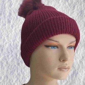 El Örgüsü Doğal Yün Ve Akrilik Karışımlı Sıcacık Kış Beresi Bordo Renk
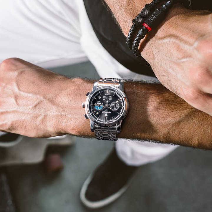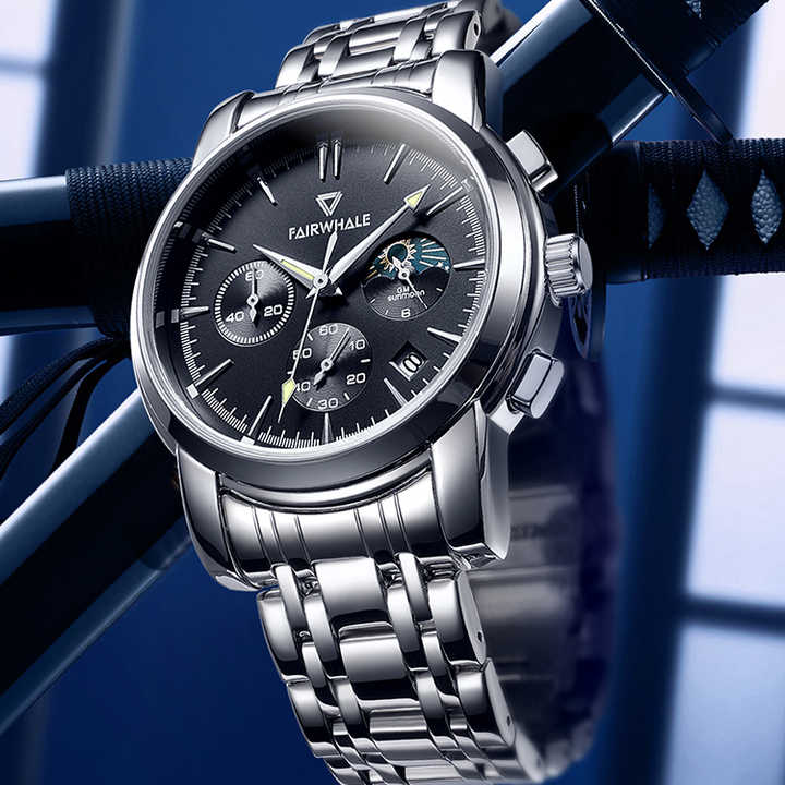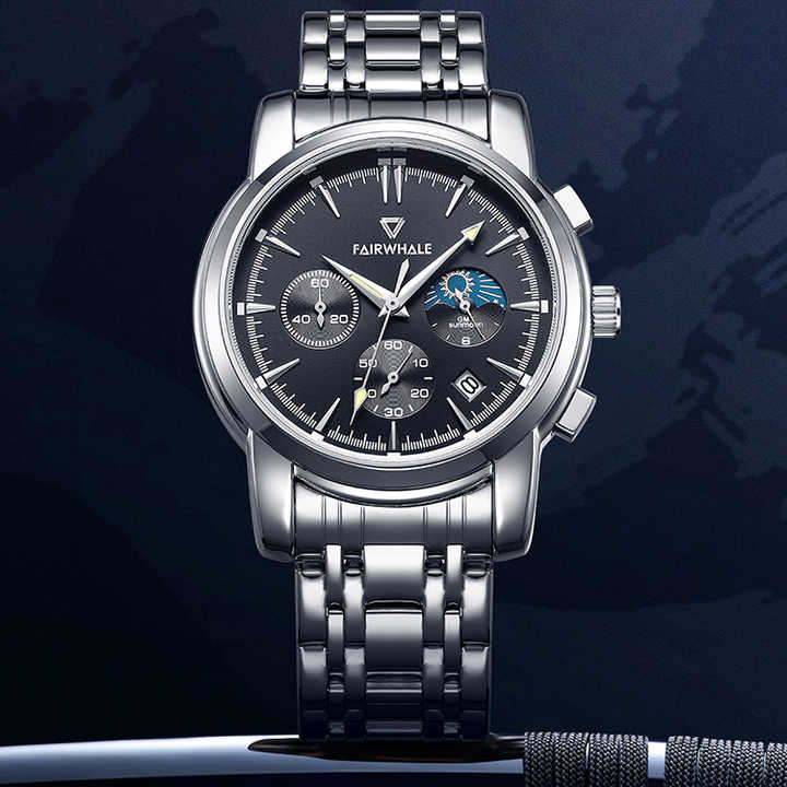 ساعات معصم رياضية فاخرة من الفولاذ المقاوم للصدأ بتقويم ثلاثي العيون مقاومة للماء مضيئة بتاريخ الأسبوع
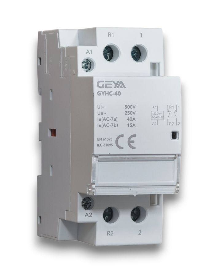 Контактор модульный GYHC-40 предназначен для гальванической развязки между силовыми цепями и цепями управления, дистанционного включения нагрузки путем подачи управляющего напряжения на обмотку реле, а также использования в качестве промежуточного.
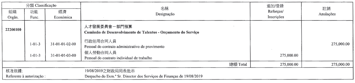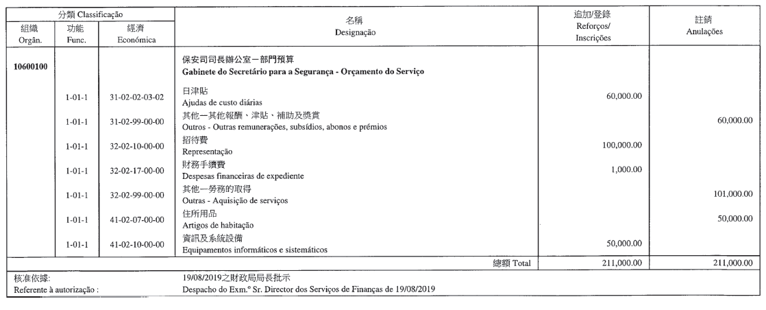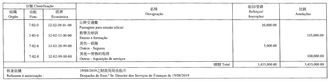 摘錄自本局行政暨財政廳廳長於二零一九年八月十四日作出的批示:

· · · · · · ·

◆ **ACTIVITY**
The result should be a verbatim copy of the data, free of pictures.

◆ **TASK RESPONSE**
 El Örgüsü Doğal Yün Ve Akrilik Karışımlı Sıcacık Kış Beresi Bordo Renk
 ساعات معصم رياضية فاخرة من الفولاذ المقاوم للصدأ بتقويم ثلاثي العيون مقاومة للماء مضيئة بتاريخ الأسبوع
 Контактор модульный GYHC-40 предназначен для гальванической развязки между силовыми цепями и цепями управления, дистанционного включения нагрузки путем подачи управляющего напряжения на обмотку реле, а также использования в качестве промежуточного.
 摘錄自本局行政暨財政廳廳長於二零一九年八月十四日作出的批示:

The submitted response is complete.